Provided entries:
════════════════

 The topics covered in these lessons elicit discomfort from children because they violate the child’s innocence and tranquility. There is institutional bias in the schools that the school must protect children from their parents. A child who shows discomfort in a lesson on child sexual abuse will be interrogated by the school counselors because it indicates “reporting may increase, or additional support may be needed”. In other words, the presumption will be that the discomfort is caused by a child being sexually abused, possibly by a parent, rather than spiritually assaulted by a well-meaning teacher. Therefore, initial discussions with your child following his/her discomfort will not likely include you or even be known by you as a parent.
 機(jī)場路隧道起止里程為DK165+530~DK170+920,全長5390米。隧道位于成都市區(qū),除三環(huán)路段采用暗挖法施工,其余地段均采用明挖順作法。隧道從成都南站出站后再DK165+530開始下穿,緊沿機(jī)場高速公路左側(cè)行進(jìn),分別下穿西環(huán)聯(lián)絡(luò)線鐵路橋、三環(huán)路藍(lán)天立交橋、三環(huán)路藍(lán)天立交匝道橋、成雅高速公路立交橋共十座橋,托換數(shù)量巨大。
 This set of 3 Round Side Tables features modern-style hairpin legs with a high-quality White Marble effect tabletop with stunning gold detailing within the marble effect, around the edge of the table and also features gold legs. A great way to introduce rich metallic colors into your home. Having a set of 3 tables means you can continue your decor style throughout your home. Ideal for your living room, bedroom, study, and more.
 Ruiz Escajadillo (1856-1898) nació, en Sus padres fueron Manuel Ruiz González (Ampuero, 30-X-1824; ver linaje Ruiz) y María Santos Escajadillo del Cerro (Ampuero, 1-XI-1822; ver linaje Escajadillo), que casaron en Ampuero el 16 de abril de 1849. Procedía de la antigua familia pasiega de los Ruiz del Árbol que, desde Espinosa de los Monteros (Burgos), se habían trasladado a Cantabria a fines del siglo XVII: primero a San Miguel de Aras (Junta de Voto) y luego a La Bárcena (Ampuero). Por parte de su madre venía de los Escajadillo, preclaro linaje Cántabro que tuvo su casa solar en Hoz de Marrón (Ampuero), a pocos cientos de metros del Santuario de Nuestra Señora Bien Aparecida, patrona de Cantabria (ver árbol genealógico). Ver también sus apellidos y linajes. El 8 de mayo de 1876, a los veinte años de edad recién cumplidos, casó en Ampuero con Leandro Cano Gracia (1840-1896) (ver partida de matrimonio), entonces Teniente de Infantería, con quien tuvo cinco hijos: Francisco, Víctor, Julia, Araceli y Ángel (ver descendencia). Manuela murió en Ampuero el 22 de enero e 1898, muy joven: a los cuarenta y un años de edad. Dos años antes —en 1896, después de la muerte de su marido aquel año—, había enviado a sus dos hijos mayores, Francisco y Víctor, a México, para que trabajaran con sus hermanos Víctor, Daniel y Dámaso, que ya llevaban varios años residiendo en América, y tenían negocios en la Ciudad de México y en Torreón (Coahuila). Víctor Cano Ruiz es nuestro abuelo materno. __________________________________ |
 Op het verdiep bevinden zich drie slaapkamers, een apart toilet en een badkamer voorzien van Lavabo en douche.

════════════════

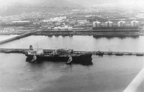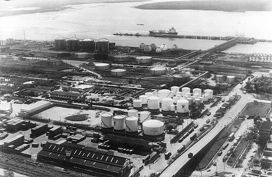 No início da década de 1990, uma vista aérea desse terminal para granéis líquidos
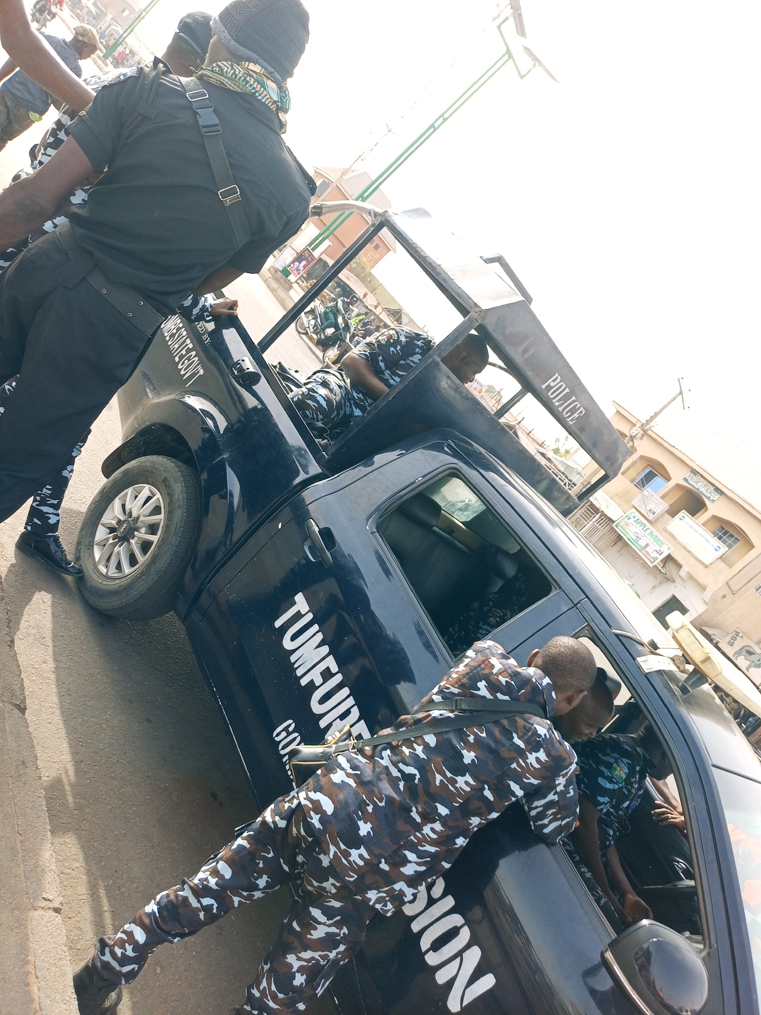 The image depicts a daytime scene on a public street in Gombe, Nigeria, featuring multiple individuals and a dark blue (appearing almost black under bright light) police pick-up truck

════════════════

Work to be completed: Copy each line above that has the word "your".

Answer to this task:
 The topics covered in these lessons elicit discomfort from children because they violate the child’s innocence and tranquility. There is institutional bias in the schools that the school must protect children from their parents. A child who shows discomfort in a lesson on child sexual abuse will be interrogated by the school counselors because it indicates “reporting may increase, or additional support may be needed”. In other words, the presumption will be that the discomfort is caused by a child being sexually abused, possibly by a parent, rather than spiritually assaulted by a well-meaning teacher. Therefore, initial discussions with your child following his/her discomfort will not likely include you or even be known by you as a parent.
 This set of 3 Round Side Tables features modern-style hairpin legs with a high-quality White Marble effect tabletop with stunning gold detailing within the marble effect, around the edge of the table and also features gold legs. A great way to introduce rich metallic colors into your home. Having a set of 3 tables means you can continue your decor style throughout your home. Ideal for your living room, bedroom, study, and more.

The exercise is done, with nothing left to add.